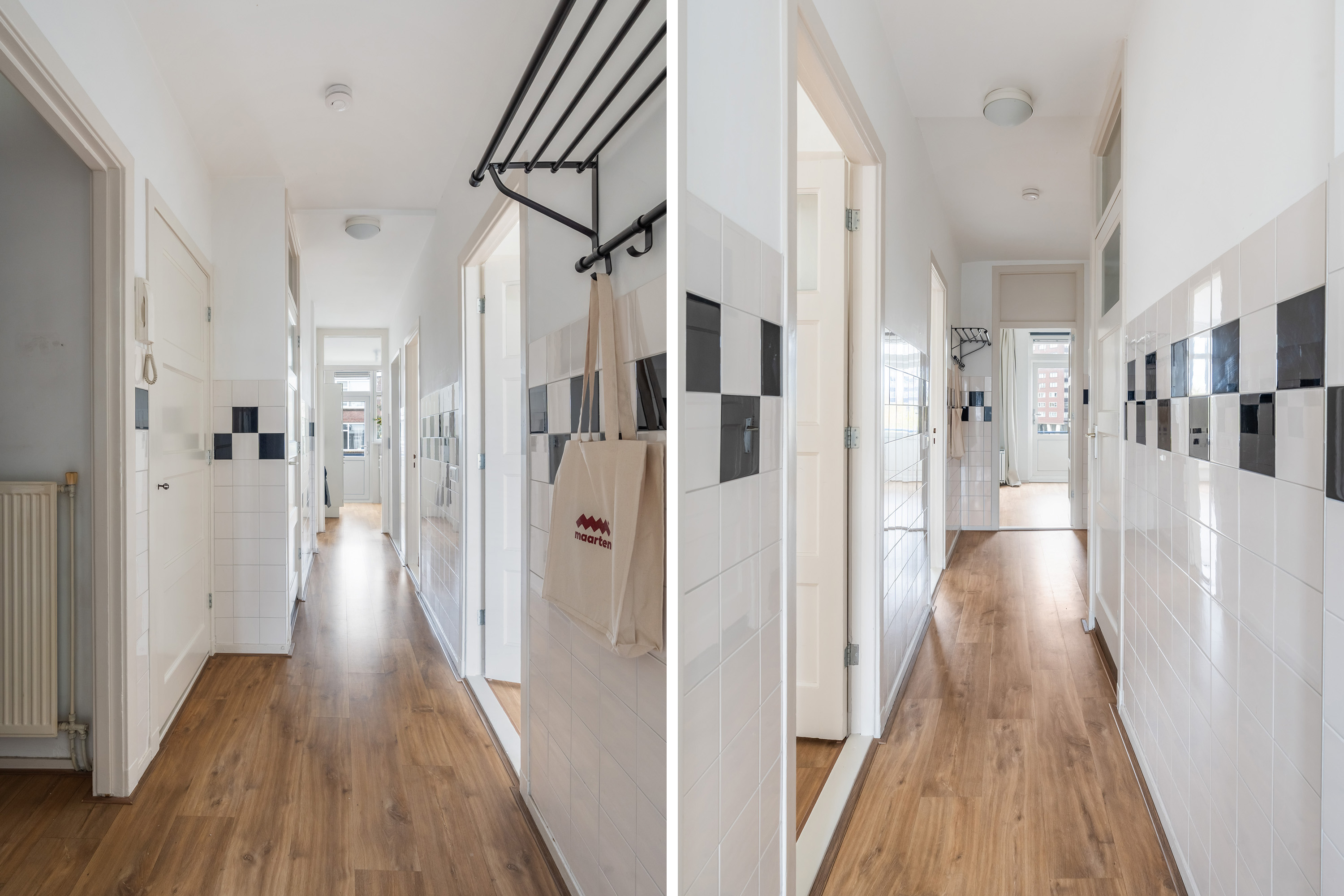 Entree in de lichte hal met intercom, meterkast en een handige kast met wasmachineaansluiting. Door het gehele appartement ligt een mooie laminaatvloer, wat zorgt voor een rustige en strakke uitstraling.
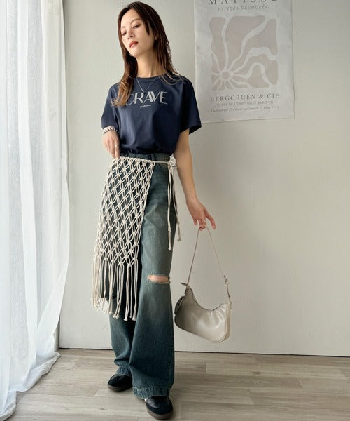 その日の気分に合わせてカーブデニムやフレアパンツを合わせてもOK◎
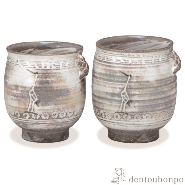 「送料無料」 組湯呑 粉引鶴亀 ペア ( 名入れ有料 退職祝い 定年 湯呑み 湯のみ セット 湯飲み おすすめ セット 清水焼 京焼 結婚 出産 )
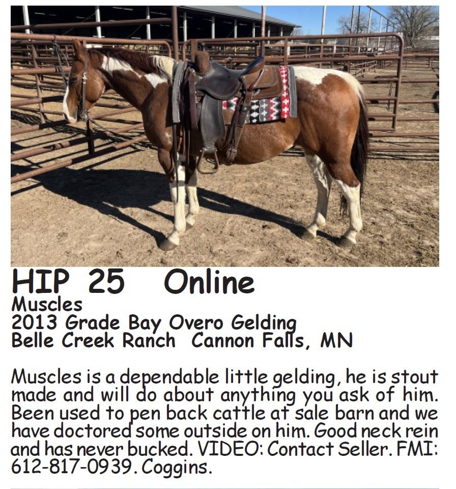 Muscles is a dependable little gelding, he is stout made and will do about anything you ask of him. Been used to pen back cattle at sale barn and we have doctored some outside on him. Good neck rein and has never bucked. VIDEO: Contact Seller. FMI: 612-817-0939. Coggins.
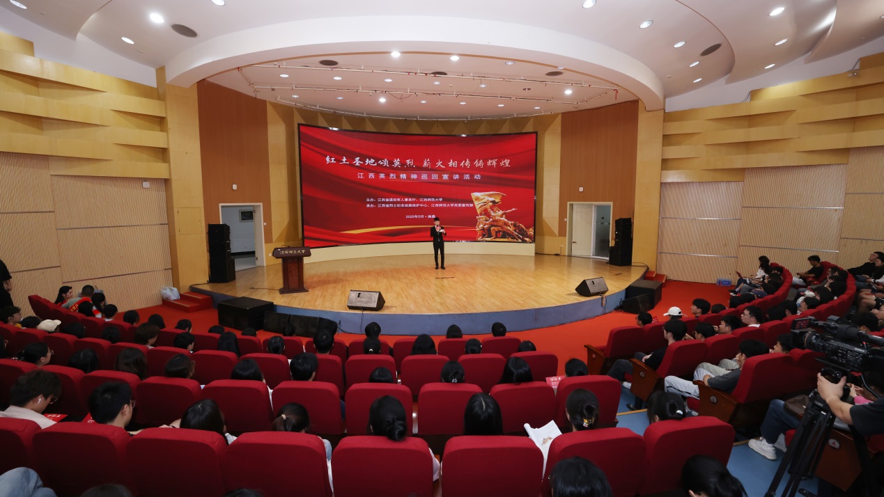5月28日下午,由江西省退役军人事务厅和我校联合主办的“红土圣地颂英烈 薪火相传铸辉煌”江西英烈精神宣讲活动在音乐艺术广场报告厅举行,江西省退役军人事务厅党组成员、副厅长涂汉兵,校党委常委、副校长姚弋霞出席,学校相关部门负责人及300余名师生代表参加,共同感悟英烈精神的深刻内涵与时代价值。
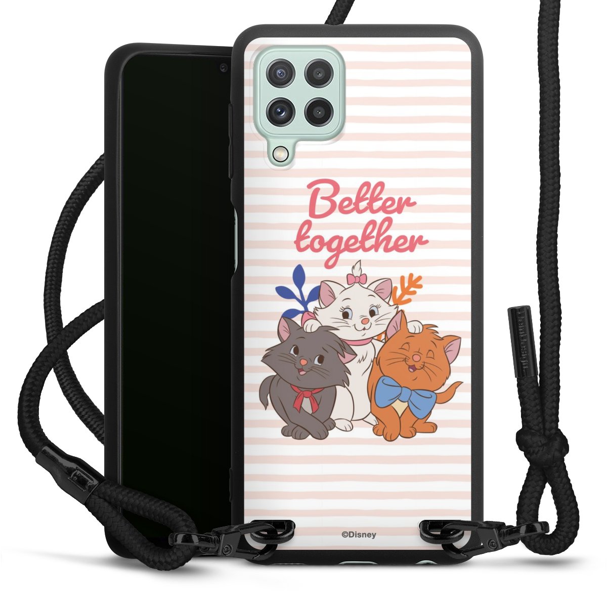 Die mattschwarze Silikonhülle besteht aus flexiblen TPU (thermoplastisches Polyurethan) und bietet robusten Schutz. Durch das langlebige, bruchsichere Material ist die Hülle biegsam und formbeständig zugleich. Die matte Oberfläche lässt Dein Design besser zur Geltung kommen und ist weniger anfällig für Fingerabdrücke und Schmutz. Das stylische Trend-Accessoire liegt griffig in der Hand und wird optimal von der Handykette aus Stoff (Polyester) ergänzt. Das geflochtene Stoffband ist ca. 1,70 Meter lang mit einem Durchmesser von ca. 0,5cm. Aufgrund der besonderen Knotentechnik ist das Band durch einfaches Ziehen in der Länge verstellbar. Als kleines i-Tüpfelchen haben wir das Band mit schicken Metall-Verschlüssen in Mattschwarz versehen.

**What is being asked:** Word for word, write out the lines above running from the one with "清水焼 京焼 結婚 出産 )" up to and including the one with "5月28日下午,由江西省退役". Drop any picture.

**Task solution:**
 「送料無料」 組湯呑 粉引鶴亀 ペア ( 名入れ有料 退職祝い 定年 湯呑み 湯のみ セット 湯飲み おすすめ セット 清水焼 京焼 結婚 出産 )
 Muscles is a dependable little gelding, he is stout made and will do about anything you ask of him. Been used to pen back cattle at sale barn and we have doctored some outside on him. Good neck rein and has never bucked. VIDEO: Contact Seller. FMI: 612-817-0939. Coggins.
5月28日下午,由江西省退役军人事务厅和我校联合主办的“红土圣地颂英烈 薪火相传铸辉煌”江西英烈精神宣讲活动在音乐艺术广场报告厅举行,江西省退役军人事务厅党组成员、副厅长涂汉兵,校党委常委、副校长姚弋霞出席,学校相关部门负责人及300余名师生代表参加,共同感悟英烈精神的深刻内涵与时代价值。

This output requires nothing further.